Take this with a grain of salt: I haven't used any of this in code I've written. I just just heard about it and think I understand how it works and some of the implications.

Hopefully this will get you started looking at docs that will tell you what actually can be done.

Updating page tables is fairly slow. Try to find a balance where you can take advantage of user-space memory protection for some of the checks, but you aren't constantly mapping/unmapping pages from your memory space during the "common case" of what your emulated code does. Predicted branches run really fast, esp. if they're predicted not taken.

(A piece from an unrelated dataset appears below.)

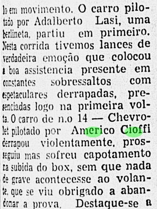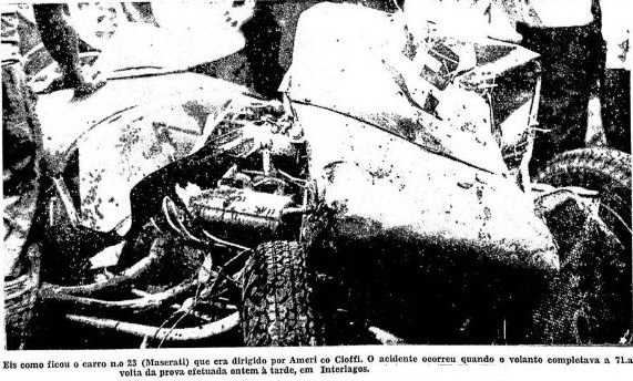 Tratava-se de uma prova de Mecânica Nacional e Sport Internacional, realizada no pouco utilizado circuito externo de Interlagos, um traçado de alta velocidade que incluía as Curvas 1, 2, 3 e a Subida dos Boxes. A notoriamente difícil Curva 3, também conhecida como “Bacião”, devido à sua topografia, localizada no final do "Retão", com cerca de 900 metros de extensão. Embora fosse mais lenta que as Curvas 1 e 2, por ser mais fechada e mais longa, possuía pouca área de escape para proteger os pilotos de uma depressão profunda na parte externa da curva. Cioffi era um piloto relativamente inexperiente e demonstrava nervosismo antes da largada. Então,na volta 71, ocupando a quarta colocação, Américo Cioffi, um novato que tinha participado apenas de quatro corridas, todas com carros de turismo, e que dessa vez pilotava um carro monoposto,de maior potência, antigo e de difícil pilotagem, perdeu o controle em alta velocidade no final do Retão e saiu da pista na Curva 3. O carro capotou diversas vezes, com o piloto atirado fora do carro (naquele tempo não se usava cinto de segurança), caiu de um lado com as quatro rodas para cima e de outro o corpo do piloto. Mas a corrida continuou. Camillo Christofaro abandonou logo em seguida, enquanto Roberto Gallucci liderava com tranquilidade, restando a disputa pelo segundo lugar entre Ubaldo Lolli e Luiz Valente.

I've seen Linux kernel discussion / notes indicating that playing tricks with mmap isn't worth it over just memcpy of a single page. For larger block of memory, or less checking on repeated accesses, the benefit will outweigh the setup overhead.

---

You'll want to use mprotect(2) to change the permissions on (ranges of) pages. No, mappings can't overlap. See the MAP_FIXED option in mmap(2):

If the memory region specified by addr and len overlaps pages of any existing mapping(s), then the overlapped part of the existing mapping(s) will be discarded.

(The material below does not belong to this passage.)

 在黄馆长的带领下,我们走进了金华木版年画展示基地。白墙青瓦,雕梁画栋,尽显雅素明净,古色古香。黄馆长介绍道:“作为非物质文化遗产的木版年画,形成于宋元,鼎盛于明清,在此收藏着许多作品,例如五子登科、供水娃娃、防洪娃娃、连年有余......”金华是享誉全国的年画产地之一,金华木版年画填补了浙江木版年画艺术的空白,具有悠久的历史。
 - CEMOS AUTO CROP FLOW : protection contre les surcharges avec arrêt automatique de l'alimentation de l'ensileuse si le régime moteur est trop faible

IDK if you can do anything useful with x86 segment registers when accessing emulated memory, to map guest address 0 to some other address in your process's virtual address space. You can map virtual address 0, but by default Linux disables it so that NULL-pointer dereferences don't silently work!

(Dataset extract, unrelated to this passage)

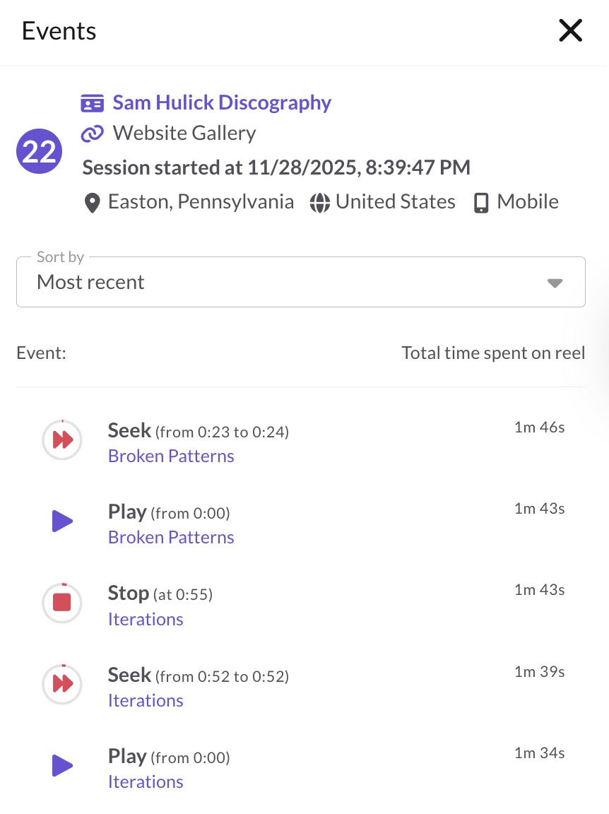 If you’ve added a playlist to your website using an iframe embed, you’ll see Embedded Player Activity on your Dashboard. This shows how people interact with your embedded playlist outside of ReelCrafter.

Users of your software will have to futz with sysctl (same as for WINE) to enable it:

# Ubuntu's /etc/sysctl.d/10-zeropage.conf
# Protect the zero page of memory from userspace mmap to prevent kernel
# NULL-dereference attacks against potential future kernel security
# vulnerabilities.  (Added in kernel 2.6.23.)
#
# While this default is built into the Ubuntu kernel, there is no way to
# restore the kernel default if the value is changed during runtime; for
# example via package removal (e.g. wine, dosemu).  Therefore, this value
# is reset to the secure default each time the sysctl values are loaded.
vm.mmap_min_addr = 65536

Like I said, you can maybe use a segment register override on all loads/stores into guest (emulated-machine) memory, to remap it to a more reasonable page. Or maybe just use a constant offset of 64kiB (or more, to maybe put it above the text/data/bss (heap) of the emulation software. Or a non-constant offset using a pointer to the base of your mmapped guest-memory region, so everything is relative to a global variable. With gcc, this might be a good candidate for requesting that gcc keep that global in a register across all your functions. IDK, you'd have to see if that helped perf or not. A constant offset would end up making every instruction accessing guest memory need a 32b displacement field in the addressing mode, rather than 0 or 8b.

A segment register, if it works the way I think it does (as a constant offset you can apply with a segment-override prefix, instead of a 32b displacement modifier) would be much harder to get the compiler to generate, AFAIK. If it was just loads/stores, that would be one thing: you could use an inline asm wrapper for a load and store insn. But for efficient x86 code, all kinds of ALU instructions should use memory operands to reduce frontend bottlenecks via micro-fusion.

You could maybe just define a global char *const guest_mem = (void*)0x2000000; or something, and then use mmap with MAP_FIXED to force mapping memory there? Then guest memory accesses can compile to more efficient one-register addresisng modes.